The test uses an environment that is Intel Core I7-3635QM @ 2.4 GHZ,8GB memory, SSD drives, and runs on a 64-bit Windows 8.1 system using the default JVM parameters.

Summarize
the basic implementation of HashMap, as analyzed above, concludes with the following:

    • The HashMap internally uses the entry object to save the key value pairs, based on the hash table storage, solves the conflict with the zipper method.
    • The default capacity size for HashMap is 16, and the default load factor is 0.75. You can specify the capacity size, and the capacity will eventually be set to a power of 2, which is uniformly hashed.
    • HashMap key and value can be null, of course only one key is Null,value can have multiple.
    • HashMap the number of key values exceeds the capacity * load factor will be expanded, the capacity after the expansion of about twice times the original. The expansion will be hashed, so the position of the element may change, and this is a time-consuming operation.
    • HashMap is not thread-safe.
Related Article

Contact Us

The content source of this page is from Internet, which doesn't represent Alibaba Cloud's opinion; products and services mentioned on that page don't have any relationship with Alibaba Cloud. If the content of the page makes you feel confusing, please write us an email, we will handle the problem within 5 days after receiving your email.

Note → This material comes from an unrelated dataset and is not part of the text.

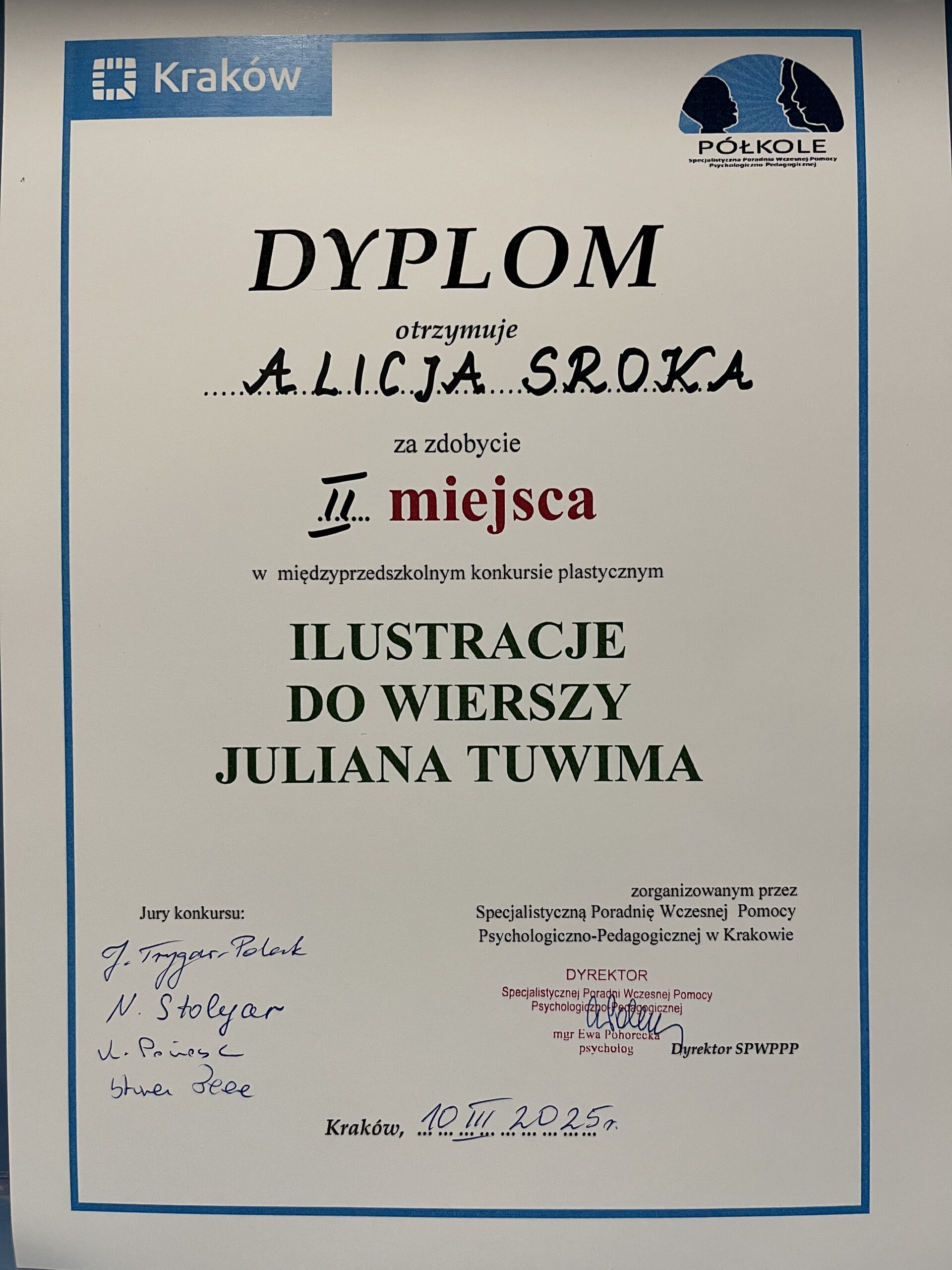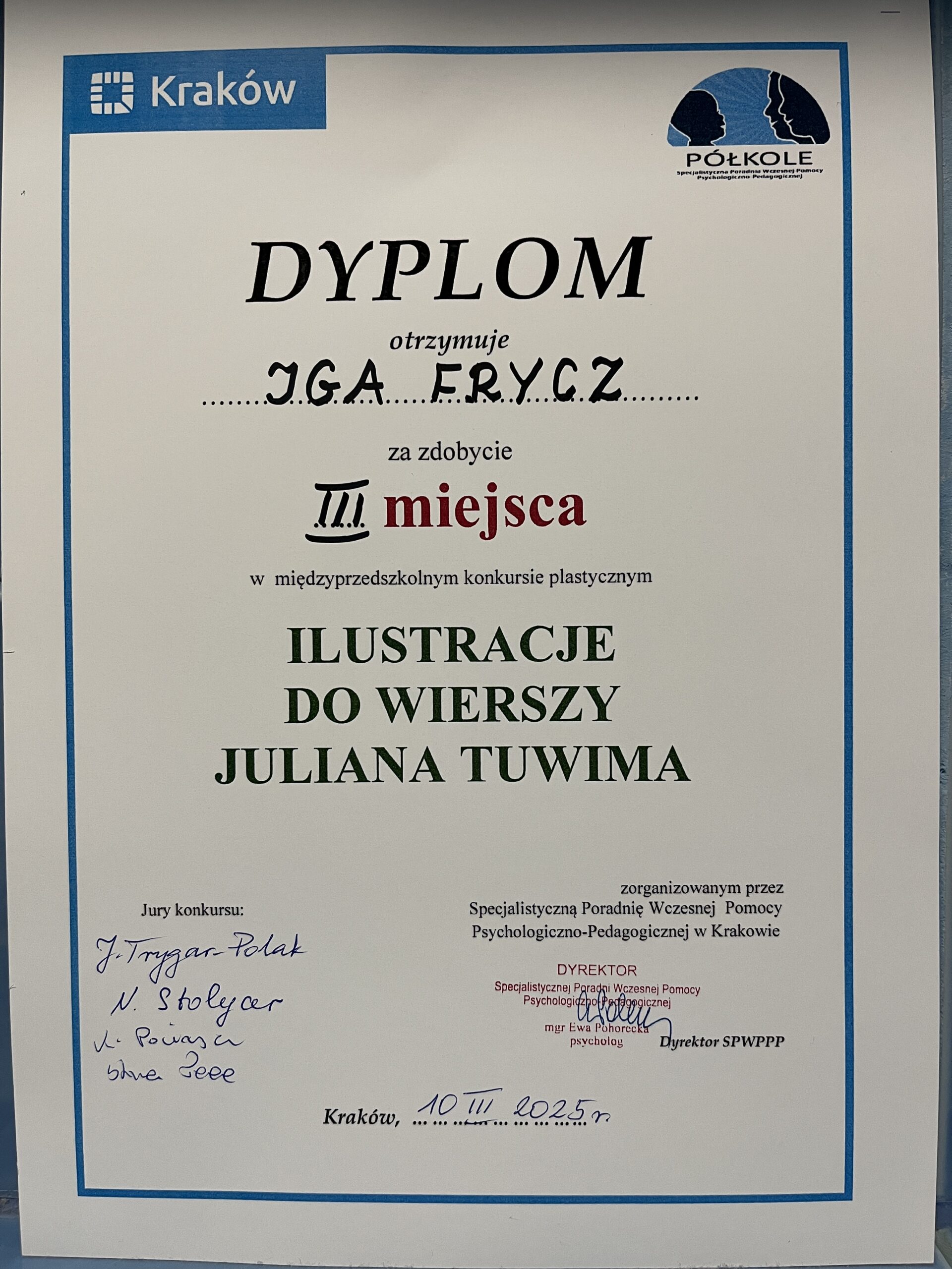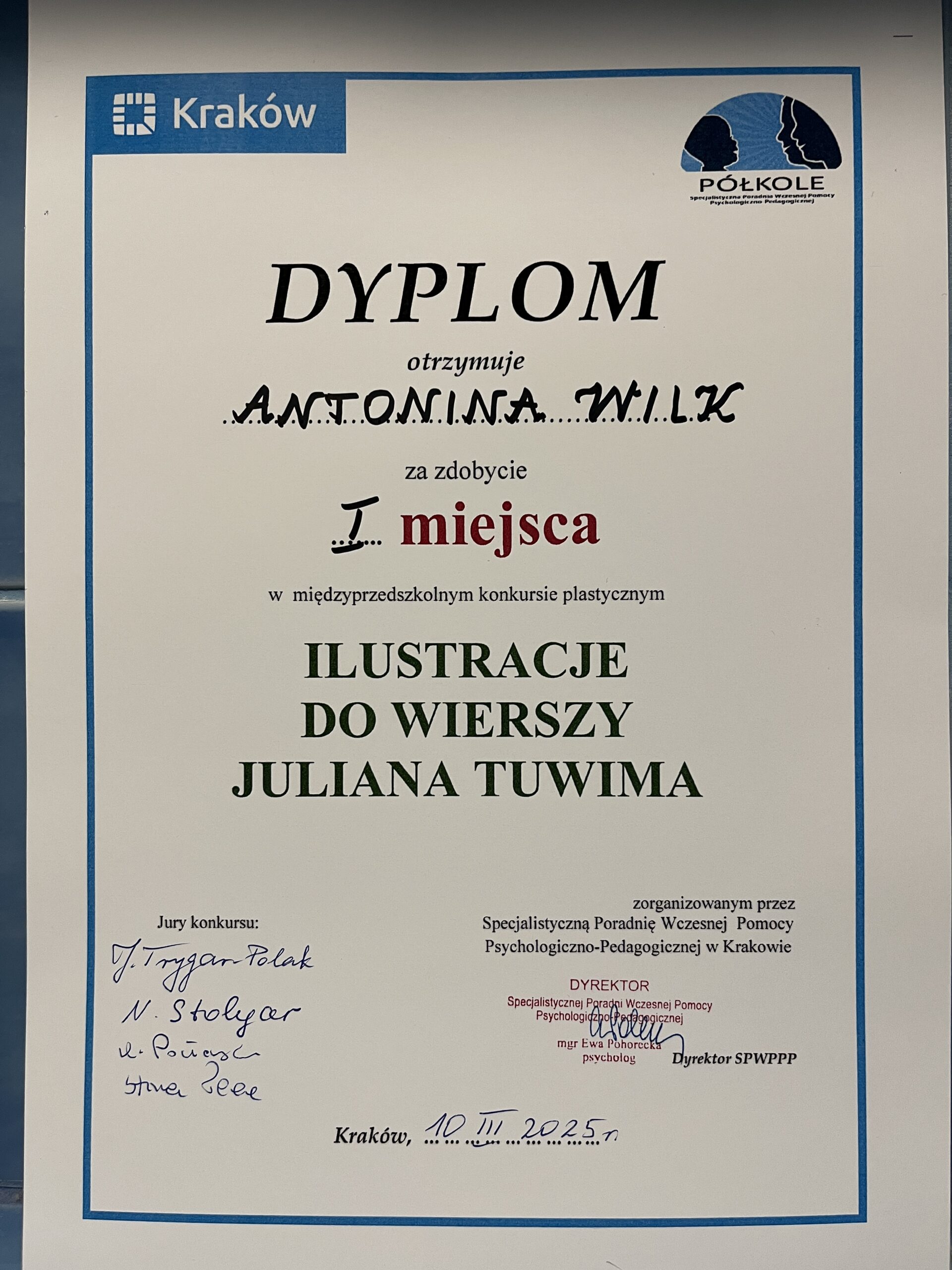 Ilustracje do wierszy Juliana Tuwima, Pejzaż zwierzyniecki oraz Sztuka ludowa Małopolski to konkursy, w których nasze dziewczynki z grupy Podróżników uplasowały się na najwyższych miejscach. Serdecznie gratulujemy tym Małym – Wielkim Artystkom.

If you find any instances of plagiarism from the community, please send an email to: info-contact@alibabacloud.com and provide relevant evidence. A staff member will contact you within 5 working days.

A Free Trial That Lets You Build Big!

Start building with 50+ products and up to 12 months usage for Elastic Compute Service

  • Sales Support

    1 on 1 presale consultation

  • After-Sales Support

    24/7 Technical Support 6 Free Tickets per Quarter Faster Response

  • Alibaba Cloud offers highly flexible support services tailored to meet your exact needs.